# [Data provided]
--- START ---

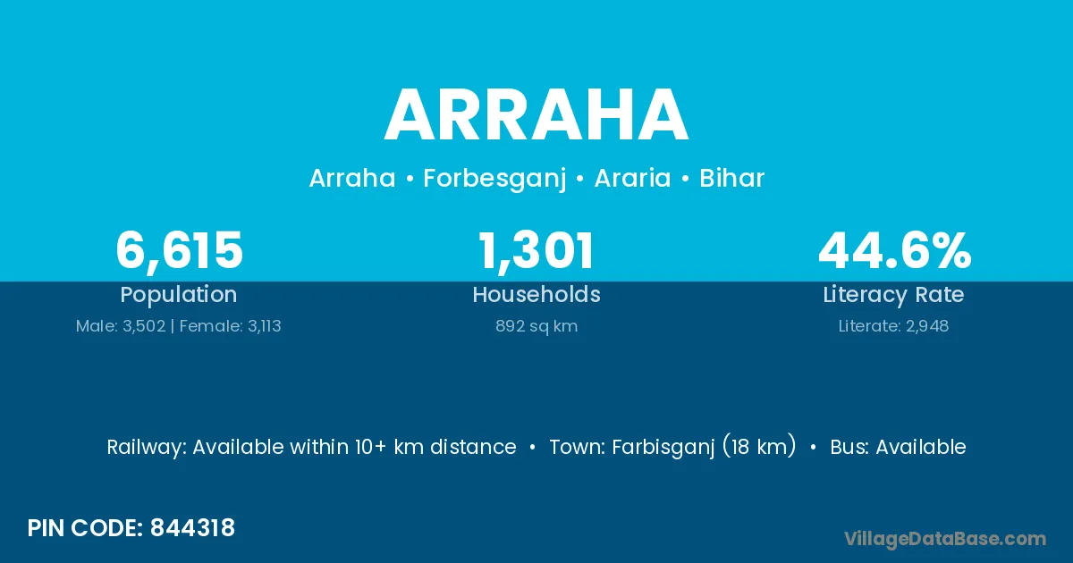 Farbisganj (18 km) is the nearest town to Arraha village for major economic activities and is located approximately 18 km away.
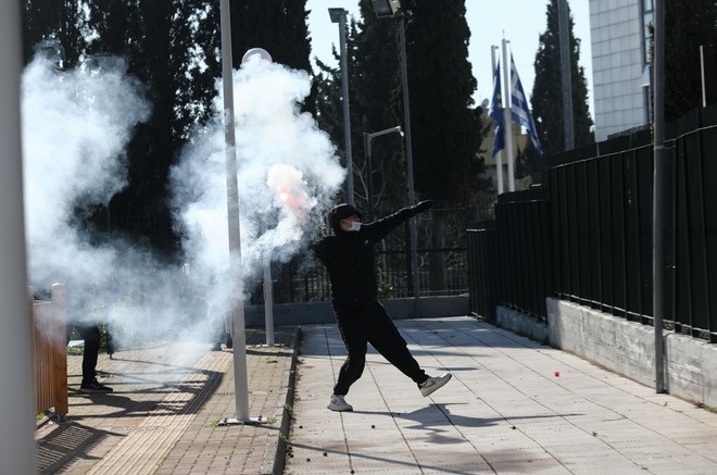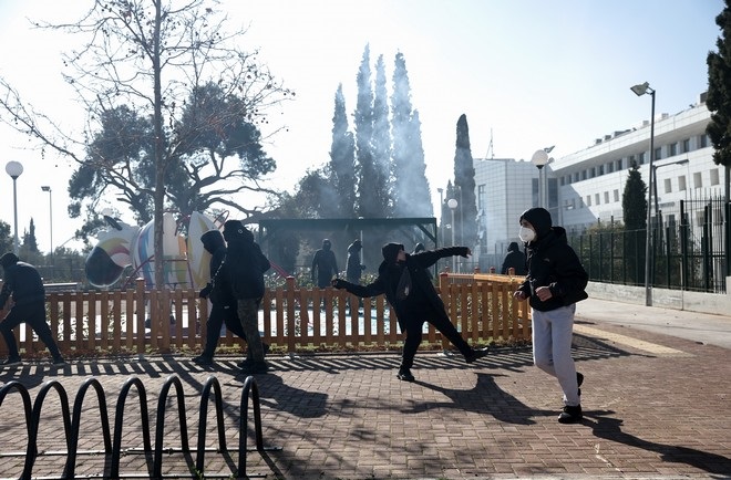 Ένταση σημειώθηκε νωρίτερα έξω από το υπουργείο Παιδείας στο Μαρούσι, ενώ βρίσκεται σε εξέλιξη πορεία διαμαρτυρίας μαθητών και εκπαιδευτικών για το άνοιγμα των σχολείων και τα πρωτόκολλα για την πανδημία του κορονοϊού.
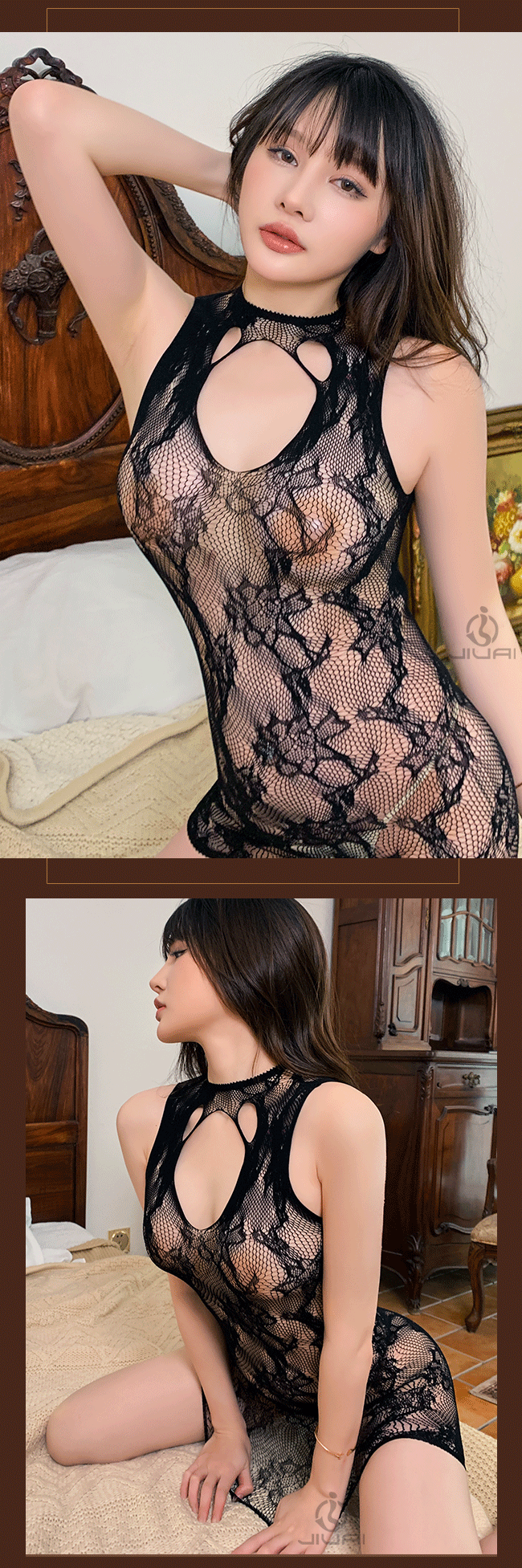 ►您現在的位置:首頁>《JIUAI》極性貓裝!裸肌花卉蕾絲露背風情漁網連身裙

--- END ---

From the listing, extract all text exactly as given and drop any picture.

 Farbisganj (18 km) is the nearest town to Arraha village for major economic activities and is located approximately 18 km away.
 Ένταση σημειώθηκε νωρίτερα έξω από το υπουργείο Παιδείας στο Μαρούσι, ενώ βρίσκεται σε εξέλιξη πορεία διαμαρτυρίας μαθητών και εκπαιδευτικών για το άνοιγμα των σχολείων και τα πρωτόκολλα για την πανδημία του κορονοϊού.
 ►您現在的位置:首頁>《JIUAI》極性貓裝!裸肌花卉蕾絲露背風情漁網連身裙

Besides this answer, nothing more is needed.